**Task details**
Without changing a character, return the entries, but not the images they hold.

**Input for this task**
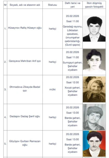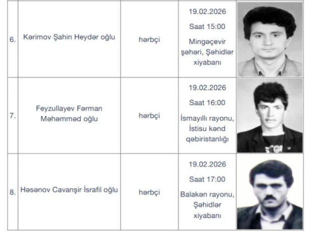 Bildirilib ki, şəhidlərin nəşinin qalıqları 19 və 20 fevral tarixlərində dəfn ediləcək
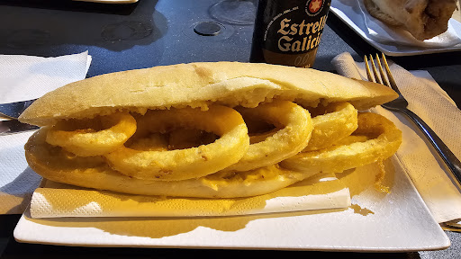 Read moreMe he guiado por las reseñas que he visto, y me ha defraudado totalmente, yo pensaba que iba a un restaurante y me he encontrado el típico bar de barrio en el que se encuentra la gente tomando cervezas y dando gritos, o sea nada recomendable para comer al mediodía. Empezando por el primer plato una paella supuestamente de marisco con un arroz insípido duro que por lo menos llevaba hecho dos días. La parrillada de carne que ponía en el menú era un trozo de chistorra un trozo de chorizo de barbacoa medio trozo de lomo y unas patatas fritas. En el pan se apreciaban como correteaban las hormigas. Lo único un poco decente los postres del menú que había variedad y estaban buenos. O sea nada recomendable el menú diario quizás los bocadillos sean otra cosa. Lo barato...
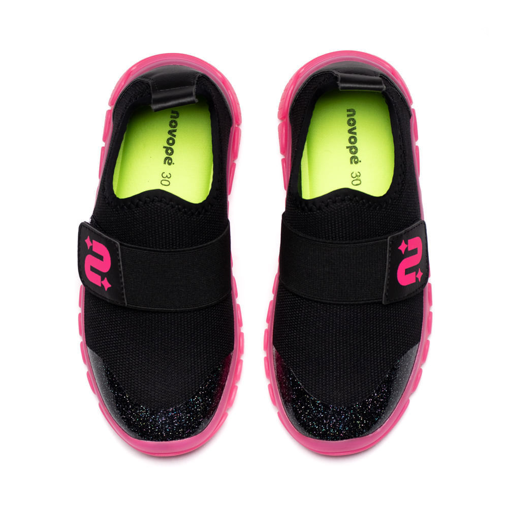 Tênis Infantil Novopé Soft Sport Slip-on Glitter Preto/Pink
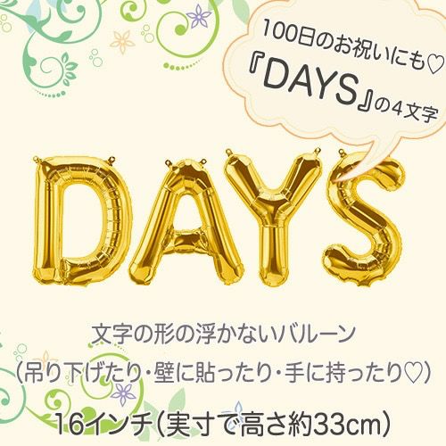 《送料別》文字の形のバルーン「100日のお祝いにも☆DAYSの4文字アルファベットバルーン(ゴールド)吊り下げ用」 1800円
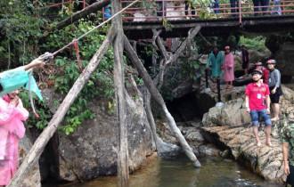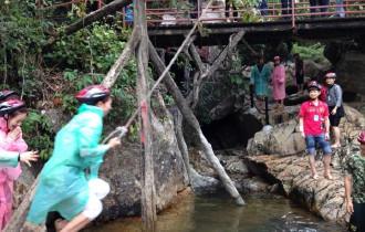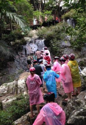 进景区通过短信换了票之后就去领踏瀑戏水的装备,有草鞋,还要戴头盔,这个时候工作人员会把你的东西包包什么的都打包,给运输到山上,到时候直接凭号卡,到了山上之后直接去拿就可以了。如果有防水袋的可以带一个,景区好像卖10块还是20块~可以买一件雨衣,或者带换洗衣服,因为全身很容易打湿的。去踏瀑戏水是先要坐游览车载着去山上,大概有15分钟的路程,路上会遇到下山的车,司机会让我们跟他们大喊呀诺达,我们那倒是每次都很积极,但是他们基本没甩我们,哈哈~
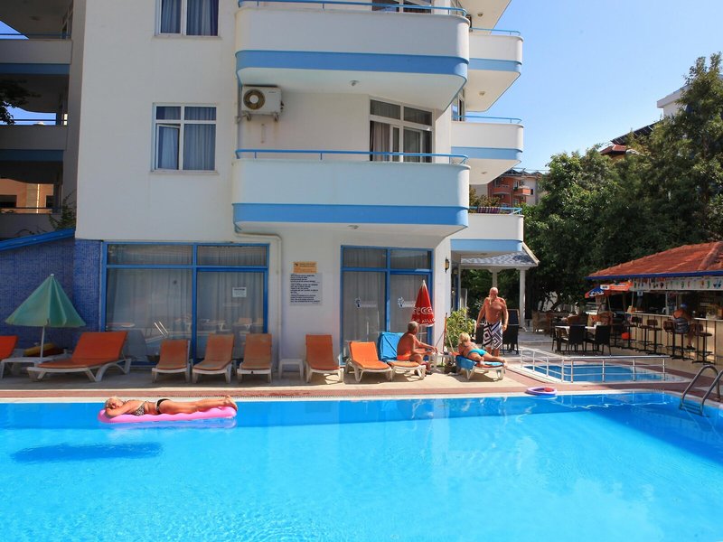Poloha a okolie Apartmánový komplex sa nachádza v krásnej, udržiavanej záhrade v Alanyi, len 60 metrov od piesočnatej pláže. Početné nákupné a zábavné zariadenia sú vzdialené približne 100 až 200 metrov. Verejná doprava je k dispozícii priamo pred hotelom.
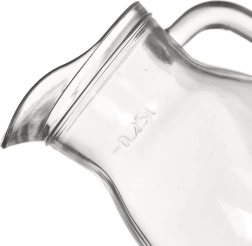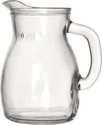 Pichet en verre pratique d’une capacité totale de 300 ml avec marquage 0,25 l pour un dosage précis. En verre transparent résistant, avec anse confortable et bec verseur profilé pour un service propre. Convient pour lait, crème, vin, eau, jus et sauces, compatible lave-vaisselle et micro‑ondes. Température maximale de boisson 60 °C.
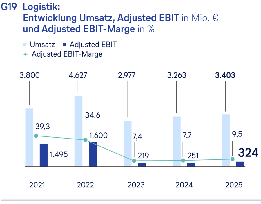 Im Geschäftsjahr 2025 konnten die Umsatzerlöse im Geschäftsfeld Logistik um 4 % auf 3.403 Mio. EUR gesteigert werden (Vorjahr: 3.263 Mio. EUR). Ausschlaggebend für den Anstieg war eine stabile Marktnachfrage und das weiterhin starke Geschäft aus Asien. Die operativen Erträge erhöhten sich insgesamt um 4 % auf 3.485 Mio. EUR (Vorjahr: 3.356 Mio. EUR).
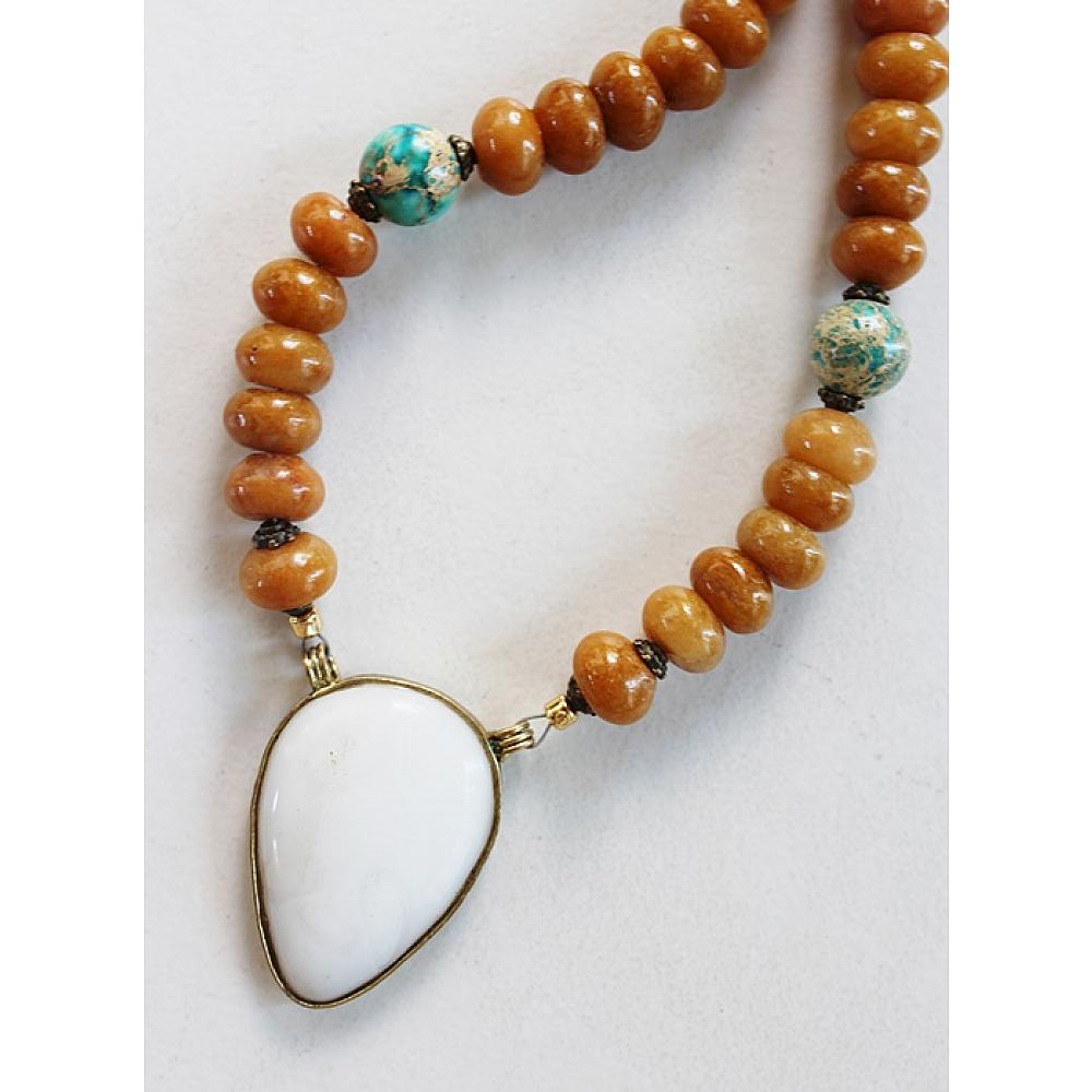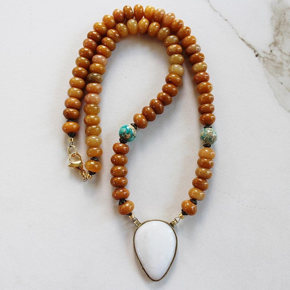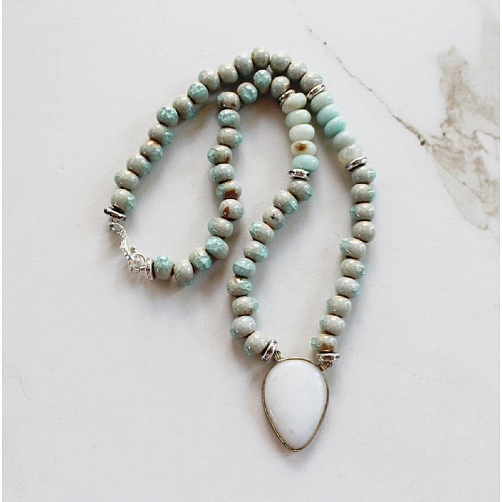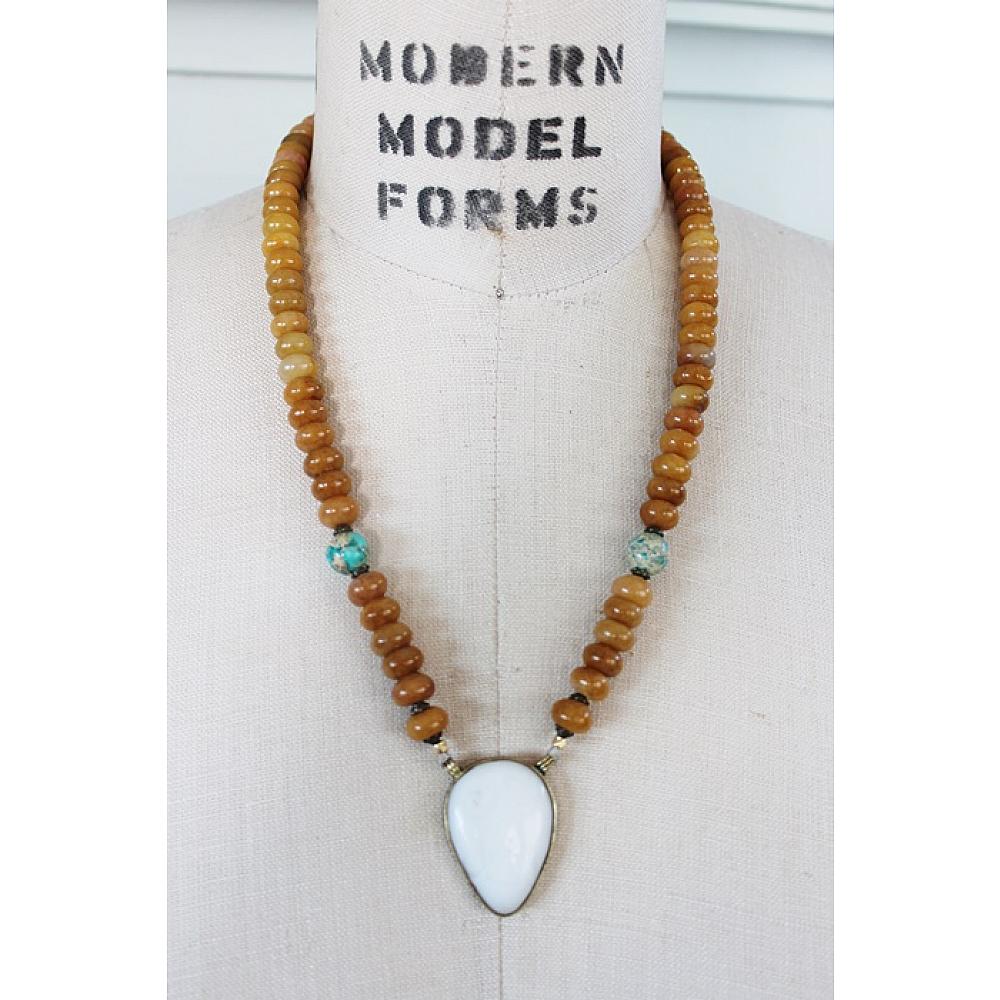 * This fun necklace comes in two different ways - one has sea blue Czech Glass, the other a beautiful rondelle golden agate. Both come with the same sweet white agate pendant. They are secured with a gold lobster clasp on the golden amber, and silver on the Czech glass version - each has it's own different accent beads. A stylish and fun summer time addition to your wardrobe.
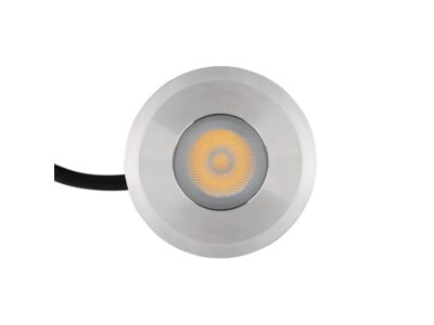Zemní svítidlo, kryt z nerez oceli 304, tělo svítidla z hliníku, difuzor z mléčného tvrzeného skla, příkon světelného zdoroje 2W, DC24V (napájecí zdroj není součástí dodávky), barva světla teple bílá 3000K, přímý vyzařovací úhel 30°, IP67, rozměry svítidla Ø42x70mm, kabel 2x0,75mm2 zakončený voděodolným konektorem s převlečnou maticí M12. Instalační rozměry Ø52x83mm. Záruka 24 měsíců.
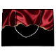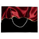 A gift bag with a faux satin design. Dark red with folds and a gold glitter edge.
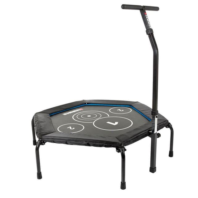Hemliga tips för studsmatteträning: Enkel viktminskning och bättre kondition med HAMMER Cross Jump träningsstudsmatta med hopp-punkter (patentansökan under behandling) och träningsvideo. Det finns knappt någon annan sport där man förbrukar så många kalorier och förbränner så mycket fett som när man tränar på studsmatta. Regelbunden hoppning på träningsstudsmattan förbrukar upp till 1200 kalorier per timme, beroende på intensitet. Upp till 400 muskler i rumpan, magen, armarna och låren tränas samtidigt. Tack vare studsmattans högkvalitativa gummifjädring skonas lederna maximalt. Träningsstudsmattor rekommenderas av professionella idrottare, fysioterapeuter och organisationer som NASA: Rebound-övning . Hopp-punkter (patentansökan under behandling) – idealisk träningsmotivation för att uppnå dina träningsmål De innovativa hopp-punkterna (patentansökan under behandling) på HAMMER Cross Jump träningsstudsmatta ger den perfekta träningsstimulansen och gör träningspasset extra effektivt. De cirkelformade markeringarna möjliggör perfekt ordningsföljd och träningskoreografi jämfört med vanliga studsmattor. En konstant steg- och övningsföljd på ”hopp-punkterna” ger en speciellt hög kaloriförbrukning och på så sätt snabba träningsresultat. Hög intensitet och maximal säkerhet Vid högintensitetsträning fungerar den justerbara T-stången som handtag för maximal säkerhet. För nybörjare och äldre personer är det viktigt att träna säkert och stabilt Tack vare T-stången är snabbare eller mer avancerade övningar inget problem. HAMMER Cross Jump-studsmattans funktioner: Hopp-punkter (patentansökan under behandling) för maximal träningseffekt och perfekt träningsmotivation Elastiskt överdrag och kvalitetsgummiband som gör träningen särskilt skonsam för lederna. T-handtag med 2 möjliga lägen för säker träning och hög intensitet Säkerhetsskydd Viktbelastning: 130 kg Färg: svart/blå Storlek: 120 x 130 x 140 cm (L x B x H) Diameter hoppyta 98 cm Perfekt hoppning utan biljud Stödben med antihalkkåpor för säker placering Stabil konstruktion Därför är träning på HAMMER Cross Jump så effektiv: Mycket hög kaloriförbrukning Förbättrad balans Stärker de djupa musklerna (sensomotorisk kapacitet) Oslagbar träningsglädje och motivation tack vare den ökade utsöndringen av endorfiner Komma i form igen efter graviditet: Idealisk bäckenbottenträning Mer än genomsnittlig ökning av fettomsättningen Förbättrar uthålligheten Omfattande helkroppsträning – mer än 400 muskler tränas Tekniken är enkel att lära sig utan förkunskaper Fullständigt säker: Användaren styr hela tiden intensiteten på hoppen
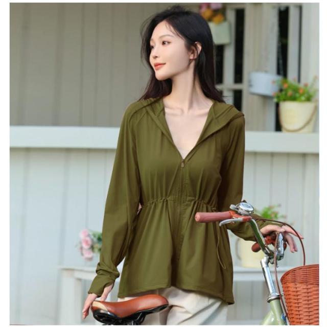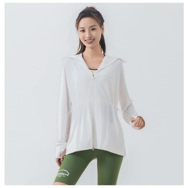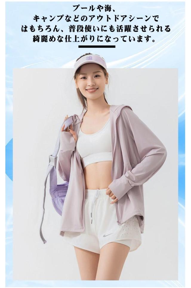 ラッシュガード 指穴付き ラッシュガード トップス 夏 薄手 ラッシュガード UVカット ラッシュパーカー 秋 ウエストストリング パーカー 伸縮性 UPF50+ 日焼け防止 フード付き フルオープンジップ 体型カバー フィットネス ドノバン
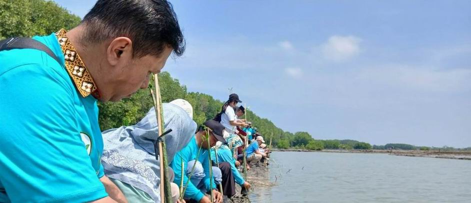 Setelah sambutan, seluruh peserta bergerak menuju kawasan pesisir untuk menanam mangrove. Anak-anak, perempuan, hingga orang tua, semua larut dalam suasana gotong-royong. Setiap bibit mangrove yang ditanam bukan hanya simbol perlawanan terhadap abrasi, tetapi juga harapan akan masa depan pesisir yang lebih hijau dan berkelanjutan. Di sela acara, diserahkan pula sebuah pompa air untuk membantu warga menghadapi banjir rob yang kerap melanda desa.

**Output of the exercise**
 Bildirilib ki, şəhidlərin nəşinin qalıqları 19 və 20 fevral tarixlərində dəfn ediləcək
 Read moreMe he guiado por las reseñas que he visto, y me ha defraudado totalmente, yo pensaba que iba a un restaurante y me he encontrado el típico bar de barrio en el que se encuentra la gente tomando cervezas y dando gritos, o sea nada recomendable para comer al mediodía. Empezando por el primer plato una paella supuestamente de marisco con un arroz insípido duro que por lo menos llevaba hecho dos días. La parrillada de carne que ponía en el menú era un trozo de chistorra un trozo de chorizo de barbacoa medio trozo de lomo y unas patatas fritas. En el pan se apreciaban como correteaban las hormigas. Lo único un poco decente los postres del menú que había variedad y estaban buenos. O sea nada recomendable el menú diario quizás los bocadillos sean otra cosa. Lo barato...
 Tênis Infantil Novopé Soft Sport Slip-on Glitter Preto/Pink
 《送料別》文字の形のバルーン「100日のお祝いにも☆DAYSの4文字アルファベットバルーン(ゴールド)吊り下げ用」 1800円
 进景区通过短信换了票之后就去领踏瀑戏水的装备,有草鞋,还要戴头盔,这个时候工作人员会把你的东西包包什么的都打包,给运输到山上,到时候直接凭号卡,到了山上之后直接去拿就可以了。如果有防水袋的可以带一个,景区好像卖10块还是20块~可以买一件雨衣,或者带换洗衣服,因为全身很容易打湿的。去踏瀑戏水是先要坐游览车载着去山上,大概有15分钟的路程,路上会遇到下山的车,司机会让我们跟他们大喊呀诺达,我们那倒是每次都很积极,但是他们基本没甩我们,哈哈~
Poloha a okolie Apartmánový komplex sa nachádza v krásnej, udržiavanej záhrade v Alanyi, len 60 metrov od piesočnatej pláže. Početné nákupné a zábavné zariadenia sú vzdialené približne 100 až 200 metrov. Verejná doprava je k dispozícii priamo pred hotelom.
 Pichet en verre pratique d’une capacité totale de 300 ml avec marquage 0,25 l pour un dosage précis. En verre transparent résistant, avec anse confortable et bec verseur profilé pour un service propre. Convient pour lait, crème, vin, eau, jus et sauces, compatible lave-vaisselle et micro‑ondes. Température maximale de boisson 60 °C.
 Im Geschäftsjahr 2025 konnten die Umsatzerlöse im Geschäftsfeld Logistik um 4 % auf 3.403 Mio. EUR gesteigert werden (Vorjahr: 3.263 Mio. EUR). Ausschlaggebend für den Anstieg war eine stabile Marktnachfrage und das weiterhin starke Geschäft aus Asien. Die operativen Erträge erhöhten sich insgesamt um 4 % auf 3.485 Mio. EUR (Vorjahr: 3.356 Mio. EUR).
 * This fun necklace comes in two different ways - one has sea blue Czech Glass, the other a beautiful rondelle golden agate. Both come with the same sweet white agate pendant. They are secured with a gold lobster clasp on the golden amber, and silver on the Czech glass version - each has it's own different accent beads. A stylish and fun summer time addition to your wardrobe.
Zemní svítidlo, kryt z nerez oceli 304, tělo svítidla z hliníku, difuzor z mléčného tvrzeného skla, příkon světelného zdoroje 2W, DC24V (napájecí zdroj není součástí dodávky), barva světla teple bílá 3000K, přímý vyzařovací úhel 30°, IP67, rozměry svítidla Ø42x70mm, kabel 2x0,75mm2 zakončený voděodolným konektorem s převlečnou maticí M12. Instalační rozměry Ø52x83mm. Záruka 24 měsíců.
 A gift bag with a faux satin design. Dark red with folds and a gold glitter edge.
Hemliga tips för studsmatteträning: Enkel viktminskning och bättre kondition med HAMMER Cross Jump träningsstudsmatta med hopp-punkter (patentansökan under behandling) och träningsvideo. Det finns knappt någon annan sport där man förbrukar så många kalorier och förbränner så mycket fett som när man tränar på studsmatta. Regelbunden hoppning på träningsstudsmattan förbrukar upp till 1200 kalorier per timme, beroende på intensitet. Upp till 400 muskler i rumpan, magen, armarna och låren tränas samtidigt. Tack vare studsmattans högkvalitativa gummifjädring skonas lederna maximalt. Träningsstudsmattor rekommenderas av professionella idrottare, fysioterapeuter och organisationer som NASA: Rebound-övning . Hopp-punkter (patentansökan under behandling) – idealisk träningsmotivation för att uppnå dina träningsmål De innovativa hopp-punkterna (patentansökan under behandling) på HAMMER Cross Jump träningsstudsmatta ger den perfekta träningsstimulansen och gör träningspasset extra effektivt. De cirkelformade markeringarna möjliggör perfekt ordningsföljd och träningskoreografi jämfört med vanliga studsmattor. En konstant steg- och övningsföljd på ”hopp-punkterna” ger en speciellt hög kaloriförbrukning och på så sätt snabba träningsresultat. Hög intensitet och maximal säkerhet Vid högintensitetsträning fungerar den justerbara T-stången som handtag för maximal säkerhet. För nybörjare och äldre personer är det viktigt att träna säkert och stabilt Tack vare T-stången är snabbare eller mer avancerade övningar inget problem. HAMMER Cross Jump-studsmattans funktioner: Hopp-punkter (patentansökan under behandling) för maximal träningseffekt och perfekt träningsmotivation Elastiskt överdrag och kvalitetsgummiband som gör träningen särskilt skonsam för lederna. T-handtag med 2 möjliga lägen för säker träning och hög intensitet Säkerhetsskydd Viktbelastning: 130 kg Färg: svart/blå Storlek: 120 x 130 x 140 cm (L x B x H) Diameter hoppyta 98 cm Perfekt hoppning utan biljud Stödben med antihalkkåpor för säker placering Stabil konstruktion Därför är träning på HAMMER Cross Jump så effektiv: Mycket hög kaloriförbrukning Förbättrad balans Stärker de djupa musklerna (sensomotorisk kapacitet) Oslagbar träningsglädje och motivation tack vare den ökade utsöndringen av endorfiner Komma i form igen efter graviditet: Idealisk bäckenbottenträning Mer än genomsnittlig ökning av fettomsättningen Förbättrar uthålligheten Omfattande helkroppsträning – mer än 400 muskler tränas Tekniken är enkel att lära sig utan förkunskaper Fullständigt säker: Användaren styr hela tiden intensiteten på hoppen
 ラッシュガード 指穴付き ラッシュガード トップス 夏 薄手 ラッシュガード UVカット ラッシュパーカー 秋 ウエストストリング パーカー 伸縮性 UPF50+ 日焼け防止 フード付き フルオープンジップ 体型カバー フィットネス ドノバン
 Setelah sambutan, seluruh peserta bergerak menuju kawasan pesisir untuk menanam mangrove. Anak-anak, perempuan, hingga orang tua, semua larut dalam suasana gotong-royong. Setiap bibit mangrove yang ditanam bukan hanya simbol perlawanan terhadap abrasi, tetapi juga harapan akan masa depan pesisir yang lebih hijau dan berkelanjutan. Di sela acara, diserahkan pula sebuah pompa air untuk membantu warga menghadapi banjir rob yang kerap melanda desa.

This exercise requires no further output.